Однако здесь еще нет сознания бесконечной субъективности человека, сознания того, что нравственные отношения и абсолютное право принадлежит человеку кап таковому и что благодаря тому, что он есть самосознание, он имеет в своей формальной бесконечности родовое право и обязанность. Свобода, нравственность есть субстанциальное начало человека, и в знании этого начала как такового и в полагании в нем своей субстанциальности состоит ценность и достоинство человека. Но формальная субъективность, самосознание как таковое,

151

бесконечная внутри себя индивидуальность не как нечто лишь природное, непосредственное есть возможность этой ценности, то есть реальная возможность, и она дает человеку бесконечное право. Так как на ступени непосредственной нравственности не признается бесконечность формальной субъективности, то человек как таковой еще не имеет абсолютной значимости, значимости в себе и для себя, независимо от того, кем он является в своей внутренней полноте, где он родился, беден он или богат, принадлежит ли он к тому или иному народу. Свобода и нравственность еще выступают как особенные, право человека отягощено случайностью, и потому на этой ступени имеет место рабство. Еще от случая зависит, является ли человек гражданином государства, свободен он или нет. Далее, так как еще не существует бесконечной противоположности и нет абсолютной рефлексии самосознания в себя, этой вершины субъективности, то еще не развита и моральность пак собственное убеждение и усмотрение.
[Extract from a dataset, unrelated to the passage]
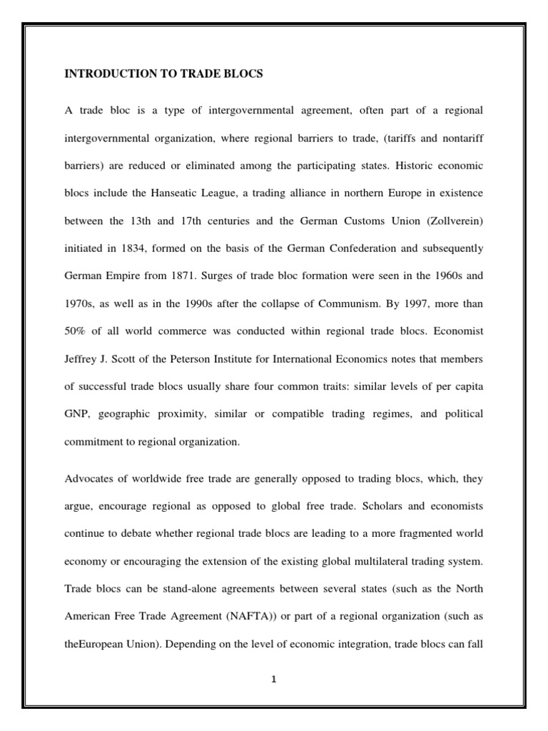 of trading blocs such as Free Trade Area, Customs union, Economic Union, custom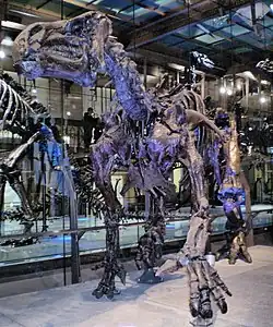 The largest find of Iguanodon remains to that date occurred on 28 February 1878 in a coal mine at Bernissart in Belgium, at a depth of 322 m (1,056 ft),[28] when two mineworkers, Jules Créteur and Alphonse Blanchard, accidentally hit on a skeleton that they initially took for petrified wood. With the encouragement of Alphonse Briart, supervisor of mines at nearby Morlanwelz, Louis de Pauw on 15 May 1878 started to excavate the skeletons and in 1882 Louis Dollo reconstructed them. At least 38 Iguanodon individuals were uncovered,[29] most of which were adults.[30] In 1882, the holotype specimen of I. bernissartensis became one of the first ever dinosaur skeletons mounted for display. It was put together in a chapel at the Palace of Charles of Lorraine using a series of adjustable ropes attached to scaffolding so that a lifelike pose could be achieved during the mounting process.[17] This specimen, along with several others, first opened for public viewing in an inner courtyard of the palace in July 1883. In 1891 they were moved to the Royal Museum of Natural History, where they are still on display; nine are displayed as standing mounts, and nineteen more are still in the Museum's basement.[28] The exhibit makes an impressive display in the Royal Belgian Institute of Natural Sciences, in Brussels. A replica of one of these is on display at the Oxford University Museum of Natural History and at the Sedgwick Museum in Cambridge. Most of the remains were referred to a new species, I. bernissartensis,[31] a larger and much more robust animal than the English remains had yet revealed. One specimen, IRSNB 1551, was at first referred to the nebulous, gracile I. mantelli, but is currently referred to Mantellisaurus atherfieldensis. The skeletons were some of the first complete dinosaur skeletons known. Found with the dinosaur skeletons were the remains of plants, fish, and other reptiles,[28] including the crocodyliform Bernissartia.[32]

Однако в нравственности индивидуальность вообще включена во всеобщую субстанциальность, и, таким образом, здесь выступает представление о вечности субъективного, индивидуального духа, представление о бессмертии, хотя вначале лишь как слабый намек, а не как абсолютное требование духа. На ранее рассмотренных ступенях еще но могло возникнуть требования бессмертия души ни в естественной религии, ни в религии монотеистической. В естественной религии основное определение составляет еще непосредственное единство духовного и природного и дух еще не выступает для себя; в монотеистической религии дух существует для себя, но он еще не раскрыт, его свобода еще абстрактна и его бытие представляет собой еще природное наличное бытие, владение этой землей и благополучие. Но это не есть бытие в качестве наличного бытия духа в себе самом, не есть удовлетворение в духовном. Продолжительность есть лишь продолжительность существования рода, семьи, вообще природной всеобщности. Здесь же самосознание реализовано в себе самом, духовно, субъективность принята во всеобщую сущность и, следовательно, познается в себе как идея; здесь налицо представление о бессмертии. Однако это сознание становится определеннее, когда возникает моральность, самосознание углубляется в себя и начинает признавать в качестве доброго,

152

истинного и справедливого лишь то, что находит соответствующим себе и своему мышлению. Поэтому у Сократа и Платона столь определенно идет речь о бессмертии души, тогда как прежде это было, скорее, одним из общих представлений, не обладавших абсолютной ценностью в себе и для себя.

Подобно тому как самосознанию еще недостает бесконечной субъективности, абсолютной точки единства понятия, так и субъективности еще не хватает его (понятия) существенных определений. Это единство присуще тому, с чем мы уже познакомились как с его необходимостью. Но последняя лежит вне сферы особенных субстанциальных сущностей. Подобно человеку как таковому, и особенные сущности не имеют абсолютного права, ибо последнее выступает у них лишь как момент необходимости и как нечто коренящееся в этом абсолютном, рефлектированном в себя единстве. Хотя они имеют божественную природу, но их много, и, таким образом, их рассеянное множество представляет собой также некоторую ограниченность, поэтому они не принимаются всерьез. Над множеством субстанциальных сущностей витает последнее единство абсолютной формы — необходимость, и она освобождает самосознание в его отношении к богам от этих богов, вследствие чего оно одновременно принимает и не принимает их всерьез. Вообще эта религия имеет характер абсолютной радостной ясности; самосознание свободно по отношению к своим существенным моментам, так как они суть его моменты, и в то же время оно не приковано к ним, так как над ними самими витает абсолютная необходимость и они возвращаются в нее так же, как в нее погружается самосознание со своими особенными целями и потребностями.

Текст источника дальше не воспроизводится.